This is perhaps a comment to colleagues, but Mr. Kingsley said he would put these in envelopes. We've just established that.... Here is one of the three voter cards I was issued under different names at my house. All it establishes is that Scott Jeffrey Reid will be voting at one of the following places, which is hardly personal information. Putting it in an envelope would cost a pile of money and accomplish absolutely nothing, so I suggest we don't pursue that particular suggestion.
In my case it doesn't even have accurate personal information, since it manages to leave my first name off the card the commissioner has. It doesn't even assert that I'm one person; I became three people. Anyway, you can see where I'm going with this.
But I want to talk a little about the use of identity, not so much in the sophisticated way where people compare databases and draw up information about you to determine that you're a 35-year-old female who enjoys alternative country music and snowboarding and therefore proceed to inundate your e-mail account with direct marketing offers, but rather it's about the kind of information that becomes an issue when you are a female who lives in an apartment building and don't want it known that you live in apartment 1014 and who therefore arranges, as many apartment building do, that the numbers listed when you go into the lobby are not the numbers of the apartments, for reasons of safety and security. This potentially could violate that kind of information, though obviously not mine, because it goes in my mailbox in my house in a small town.
There appears to be a problem with a minority of mail carriers, but it's not a negligible minority, or at least that's the impression we have on this committee, some of whom are going into apartment buildings and—who knows why, perhaps to save themselves work—are not actually putting these particular pieces of addressed mail into the appropriate mail slots, but rather are leaving them at the side in a pile.

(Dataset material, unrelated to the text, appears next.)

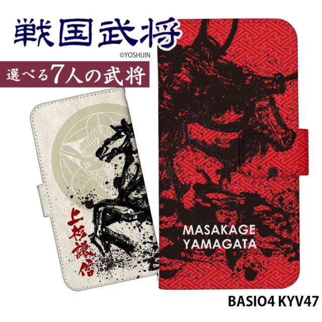 BASIO4 KYV47 ケース 手帳型 ベイシオ4 カバー デザイン 和柄 戦国武将 yoshijin 家紋

Sometimes people take their own card and toss it in a corner, but that appears not universally to be the reason these things are available to others.
It seems to me this does represent an invasion of privacy, in the sense of providing someone who might be loitering in the lobby and wants to come in for whatever reason—breaking into an apartment, stealing, or perhaps even worse.... It does represent a breach of security, with that kind of person, which raises an issue. Elections Canada, according to the Chief Electoral Officer when we asked him when he was here earlier, has an agreement with Canada Post that this won't happen, that the mail will be delivered. But there are no actual sanctions under the Elections Act for taking this particular kind of information and tossing it aside rather than delivering it.
I'm wondering if it's your view that the privacy I'm describing would be better served if there were actually a specific offence under the Elections Act for someone who, failing to deliver this kind of information to the appropriate person, fails also to, say, return it to the post office to be destroyed, or returned to the electoral officer, or whatever, but who simply takes it and leaves it in some public place.